[Start of section]
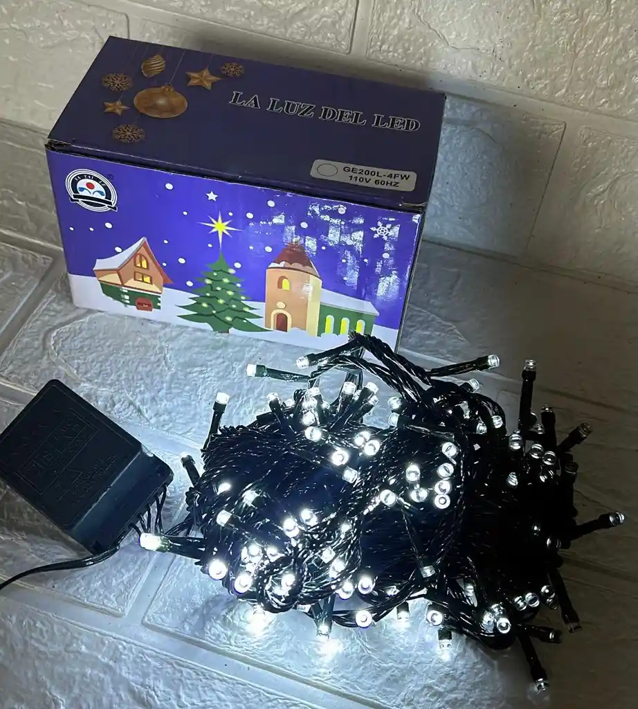 LUCES DE NAVIDAD LINEAL X200 LED BLANCA SIN CONTINUACION CABLE VERDE COD.2585
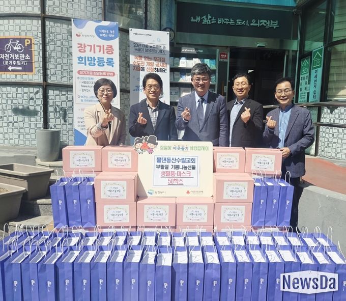 뉴스다 최광묵 기자 | 의정부시 장암동주민센터는 4월 16일 물댄동산수림교회가 부활절을 맞아 지역 내 어려운 이웃을 위해 ‘기쁨나눔선물 세트’와 마스크 50상자를 기탁했다고 밝혔다.
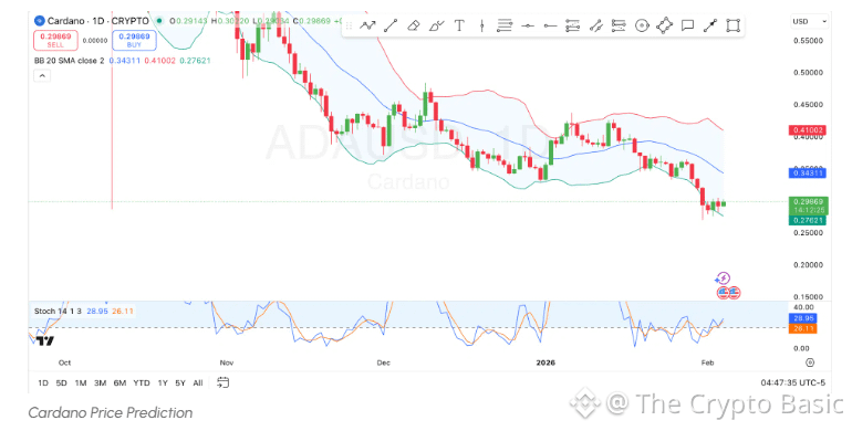#Cardano is currently trading near the $0.2991 level, with the immediate support zone located at $0.28, having bounced off the lower Bollinger Band. This level is critical, as it aligns with recent price actions and serves as a lower bound in the current range.
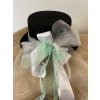Ozdoba na auto pro ženicha - saténový cylindr s přísavkami a bílou mašlí
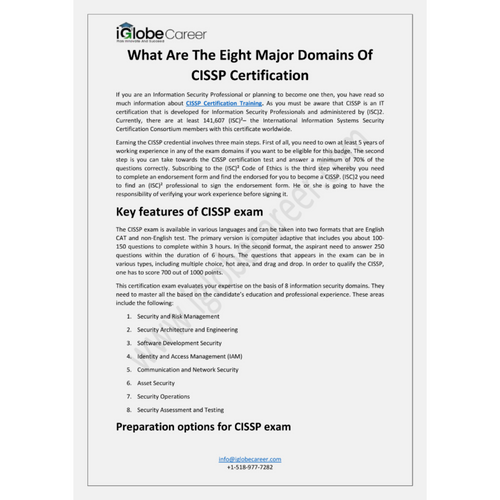 Check out the document and know What Are The Eight Major Domains Of CISSP Certification. As CISSP is a well known certification key to the development of cyber security experts. So go ahead and try your hands on CISSP. Enroll For CISSP Certification Training Course at iGlobe Career. Enroll Now: https://www.iglobecareer.com/course/cissp-training/ Contact us: +1-518-977-7282
[End of section]
Task to complete> Your reply should be the full data above, copied exactly, with no pictures in it.

Solution for this problem>
 LUCES DE NAVIDAD LINEAL X200 LED BLANCA SIN CONTINUACION CABLE VERDE COD.2585
 뉴스다 최광묵 기자 | 의정부시 장암동주민센터는 4월 16일 물댄동산수림교회가 부활절을 맞아 지역 내 어려운 이웃을 위해 ‘기쁨나눔선물 세트’와 마스크 50상자를 기탁했다고 밝혔다.
#Cardano is currently trading near the $0.2991 level, with the immediate support zone located at $0.28, having bounced off the lower Bollinger Band. This level is critical, as it aligns with recent price actions and serves as a lower bound in the current range.
Ozdoba na auto pro ženicha - saténový cylindr s přísavkami a bílou mašlí
 Check out the document and know What Are The Eight Major Domains Of CISSP Certification. As CISSP is a well known certification key to the development of cyber security experts. So go ahead and try your hands on CISSP. Enroll For CISSP Certification Training Course at iGlobe Career. Enroll Now: https://www.iglobecareer.com/course/cissp-training/ Contact us: +1-518-977-7282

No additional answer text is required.